_Work task_
Extract, exactly as written, each line from the start of the records below to the line containing "This is a sturdy", both ends included; drop the pictures.

####################

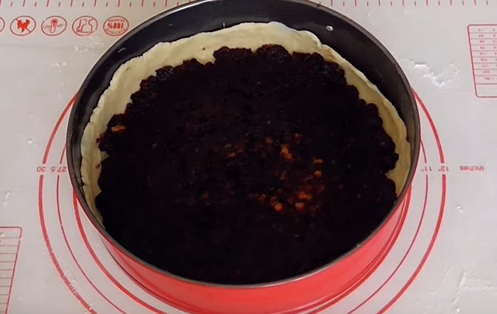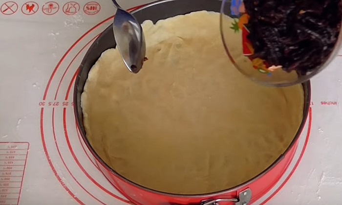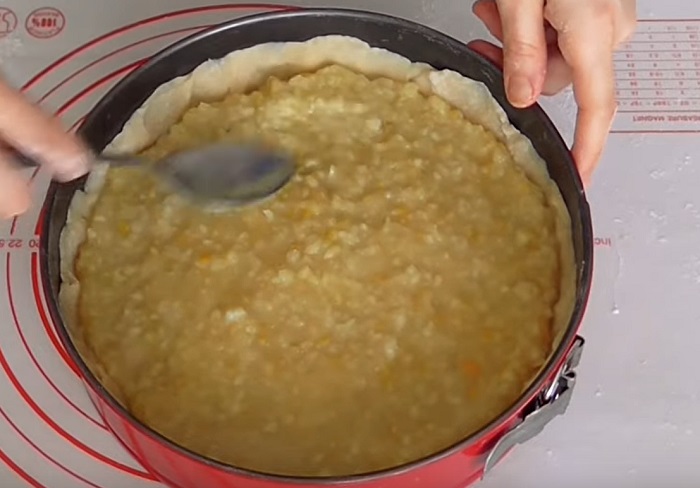 Formę do pieczenia wyłóż papierem lub pergaminem, albo wysmaruj masłem. Największą część ciasta rozwałkuj i ułóż na dnie formy, tak aby ciasto zachodziło na boki.
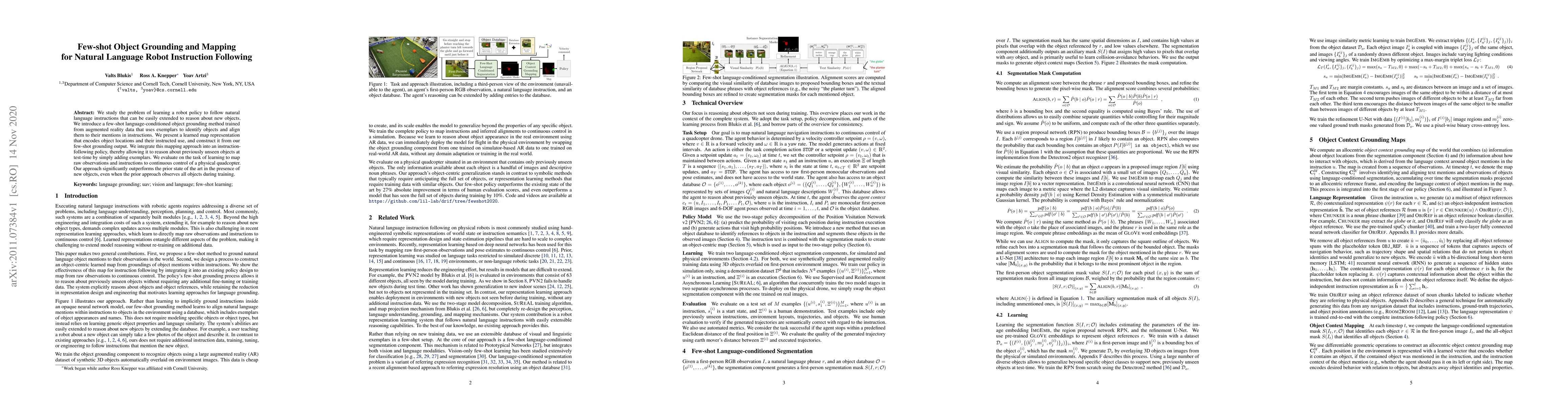 This paper introduces a few-shot language-conditioned object grounding method that allows robots to reason about new objects from natural language instructions. The approach significantly outperforms the prior state of the art in instruction following tasks.
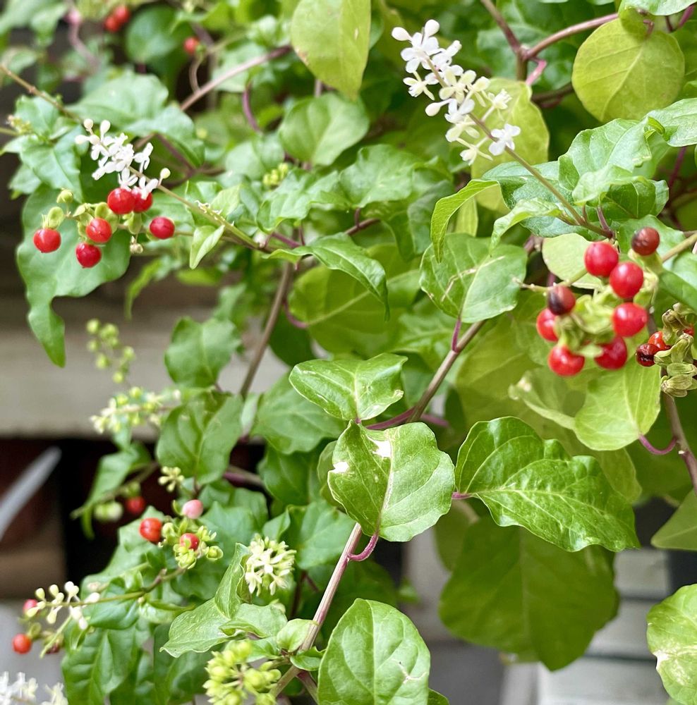 ほんとに、細やかな、白いお花と朱色の実がとても可愛い植物ですよねꈍ .̮ ꈍ
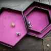 This is a sturdy dice tray in faux leather, lined with violet felt. The tray has a compartment inside that makes it easier to sort your dice, while the lid can be used as a bigger tray. On the outside of the Lid is a big print of a dice cauldron.
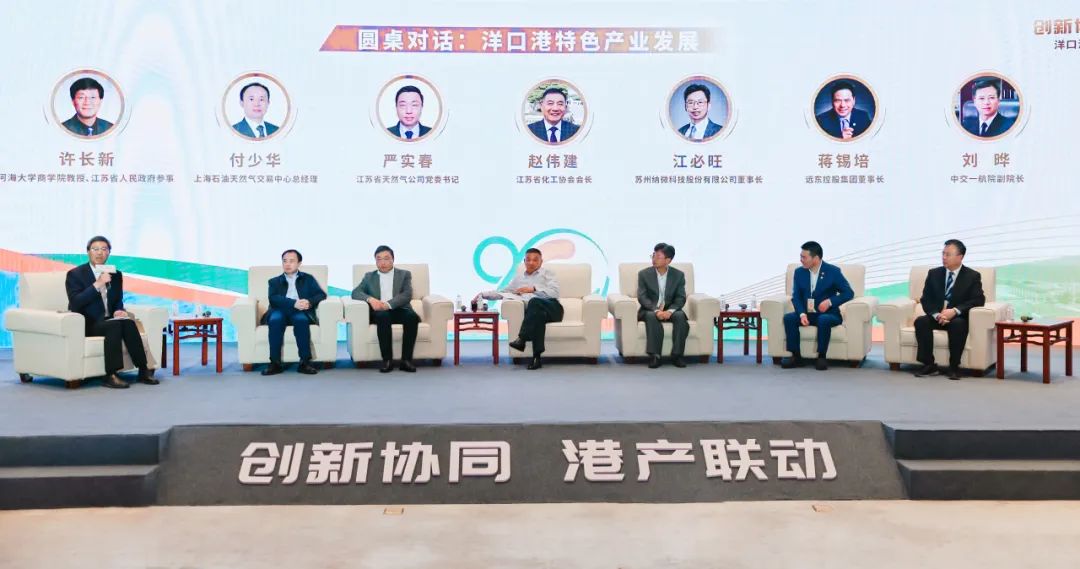 在新的历史条件下,如何把洋口港的特色产业打造好,成为峰会探讨的重要课题,在江苏省政府参事、河海大学商学院教授许长新的主持下,一场主题为“洋口港特色产业发展”的圆桌对话展开,上海石油天然气交易中心总经理付少华、江苏省化工协会会长赵伟建、远东控股集团创始人、董事局主席蒋锡培、苏州纳微科技股份有限公司董事长江必旺、江苏省天然气有限公司党委书记严实春、中交一航院副院长刘晔分别就LNG产业、新材料产业和装备制造产业建言献策。
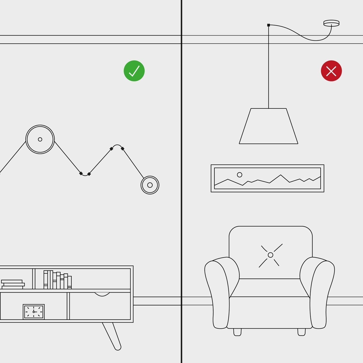 Produkt nemožno použiť ako konečné stropné upevnenie pre závesné svietidlo, pretože nie je určený na podopretie záťaže alebo závaží (lámp, svietidiel alebo iných zavesených prvkov)
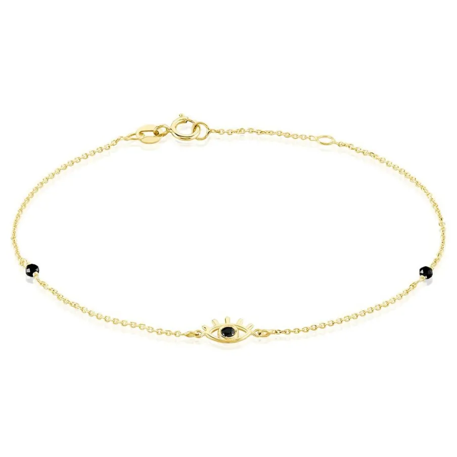 Bracelet Or Jaune 375/1000 Oeil Oxydes De Zirconium Et Spinelles Noirs Maille Jaseron 16+2cm
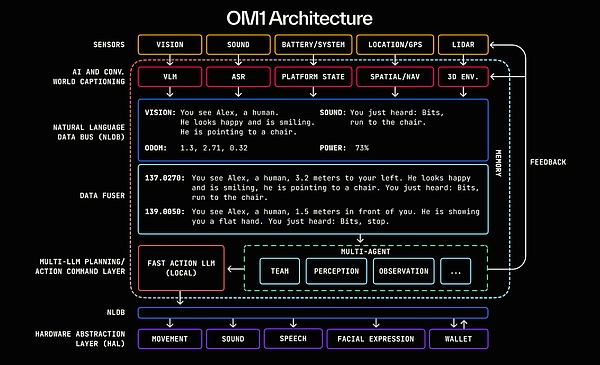 OM1:构建在 ROS2之上的模块化开源 AI 智能体运行时(AI Runtime Layer),用于编排感知、规划与动作管线,服务于数字与实体机器人;
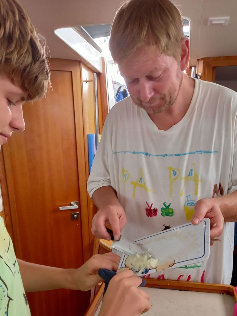 Es lässt sich auch ganz gut an. Die ersten Tage lassen wir das Dinghy in Ruhe, holen die Hängematte raus und faulenzen an Bord… also jetzt mal abgesehen von der notwendigen Bordschule natürlich. Nachmittags spielen wir (gerne „Kitchen Rush“) und abends wird der Grill angeworfen. Alles entspannt.
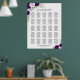 Ce magnifique tableau de sièges mariage présente un design boho chic rustique aquarelle de roses royaux violets, lavande et prune, accompagné de sprigs d'eucalyptus feuilles et de verdure du jardin. Avec 25 tables et une disposition traditionnelle, il peut accueillir jusqu'à 250 convives avec 10 couverts par table. L'élégant titre calligraphie "s'il vous plaît trouver votre table" ajoute une touche de sophistication, et il y a de l'espace pour inclure les noms du couple et la date mariage en bas. Ce tableau de sièges non seulement la beauté et le charme de votre réception de mariage, mais aussi s'assure que vos invités peuvent facilement localiser leurs tables assignées.
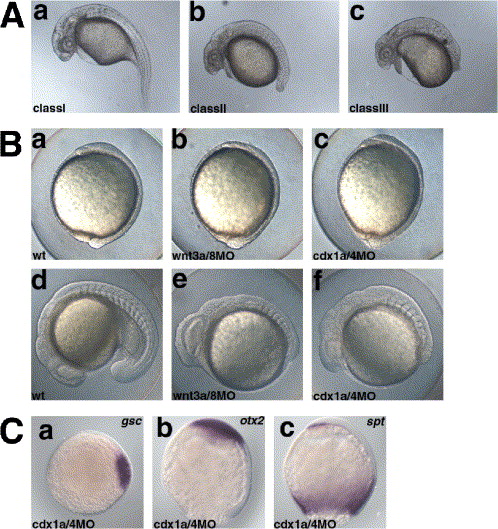 Fig. 4 Cooperation of Cdx1a and Cdx4 in formation of the posterior body. (A) Phenotypes of cdx1aMO and/or cdx4MO-injected pharyngula-stage (24 hpf) embryos. The phenotypes were classified into three categories. In Class I embryos, the tail was extended but its size was reduced, and the number of somites was not changed (30–34 somites). Class II embryos had a truncated tail structure (number of the somites 20–30, average 25.2 (n = 10)). Class III embryos had no evident structure protruding from the yolk (no tail structure; less than twenty somites, average 10.3 (n = 12)). The percentage of embryos in each class is shown in Table 2. (B) Comparison between the wnt3a/wnt8 and cdx1a/cdx4 morphant embryos. The phenotypes of wild-type (non-injected) control embryos (wt, a, d), embryos receiving an injection of 4.2 ng of wnt3aMO and wnt8MOs (wnt3a/8MO, b, e), and embryos receiving an injection of 2.1 ng of cdx1aMO and cdx4MO (cdx1a/4MO, cdx1a/cdx4 morphant embryos, c, f), at the bud stage (a–c, lateral views with dorsal to the right) and 17 hpf (d–f, lateral views, with anterior to the left). Neither the wnt3a/wnt8 nor the cdx1a/cdx4 morphant embryos showed strong morphological abnormalities at the bud stage. At 17 hpf (17-somite stage for the wild-type), both the wnt3a/wnt8 and cdx1a/cdx4 morphant embryos displayed a truncated tail, whereas only the wnt3a/wnt8 morphant embryos had an enlarged head and eyes. (C) Expression of goosecoid (gsc) (a) at the shield stage, and otx2 (b) and spadetail (spt) (c) at the 90% epiboly stages in the cdx1a/cdx4 morphant embryos. Expression of these genes was not significantly affected in the cdx1a/cdx4 morphant embryos, compared with the wild-type embryos (Fig. 1). a, animal pole view with dorsal to the right. b, c lateral views with dorsal to the right.

####################

_Answer space_
 Formę do pieczenia wyłóż papierem lub pergaminem, albo wysmaruj masłem. Największą część ciasta rozwałkuj i ułóż na dnie formy, tak aby ciasto zachodziło na boki.
 This paper introduces a few-shot language-conditioned object grounding method that allows robots to reason about new objects from natural language instructions. The approach significantly outperforms the prior state of the art in instruction following tasks.
 ほんとに、細やかな、白いお花と朱色の実がとても可愛い植物ですよねꈍ .̮ ꈍ
 This is a sturdy dice tray in faux leather, lined with violet felt. The tray has a compartment inside that makes it easier to sort your dice, while the lid can be used as a bigger tray. On the outside of the Lid is a big print of a dice cauldron.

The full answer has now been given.